15. Have a defined financial hardship system available to consumers who qualify.
16. Comply with all requirements of the Health Insurance Portability and Accountability Act (HIPAA) and Health
Information Technology for Economic and Clinical Health (HITECH) Act, as applicable.
B. Technical Specifications
1. Have Health Level Seven (HL7) standards or similar systems/mechanisms to interface with CENTER’S Software
System (Netsmart - OrderConnect).
2. Demonstrate ability to interface with CENTER’S Electronic Health Record (EHR) which is currently utilizing the
MyAvatar product.
3. Demonstrate ability to work with and through an EHR intermediary between CENTER and RESPONDENT for
data transfer related to prescriber orders, lab test resulting and posting processes, data reports, and billing as
necessary.

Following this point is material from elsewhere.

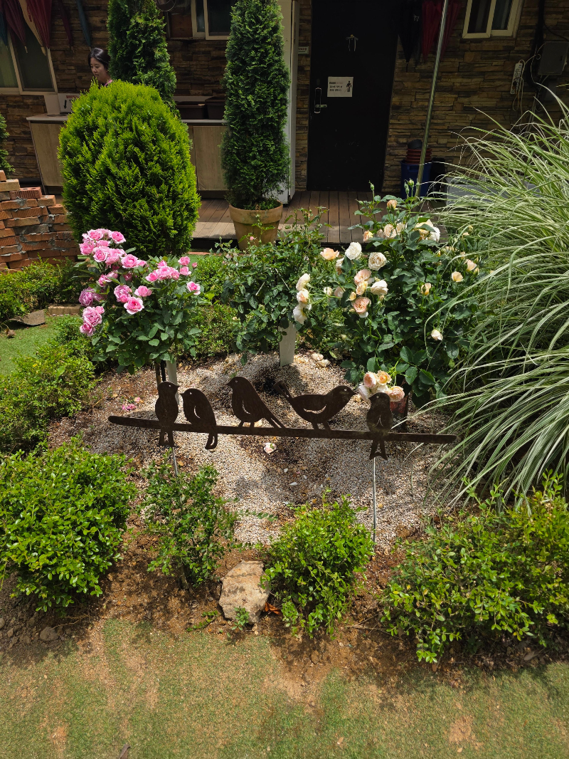 처음 도착했을 때 가장 먼저 눈에 들어온 건 넓은 야외 정원이었어요.

Current vendor intermediary is Change Health.
C. Laboratory Standards
RESPONDENT shall:
1. Be licensed by all state and federal agencies having jurisdiction in such matters and shall submit documentation
of such licenses with the RFP, and provide proof of renewal upon expiration dates of licenses including, but not
limited to:
a. Medicare License
b. Medicaid License
c. College of American Pathologists accredited
d. CLIA certification
e. Texas Health and Human Services, Health Facility Compliance Unit
2. Provide to the CENTER with such information upon request to demonstrate to the CENTER’S satisfaction that
each of the following items is complied with:
a. Participation in external proficiency testing programs;
b. Automatic telephoning of Critical/Urgent values for any test;
c. Automatic repeat of grossly abnormal results for confirmation;
d. Internal blind re-submission of previously tested samples;
e. Periodic review of cumulative consumer means;
f. Corporate review of external proficiency testing results;
g. Weekly compliance inspections;
h. Monthly corporate-wide internal proficiency program;
i. Monthly corporate review of performance statistics for each method;
j. Quarterly on-site internal inspection program;
k. Pathologist review of abnormal cytology;
l. Quarterly proficiency testing of cytotechnologist; and
m. Quarterly on-site cytology inspection.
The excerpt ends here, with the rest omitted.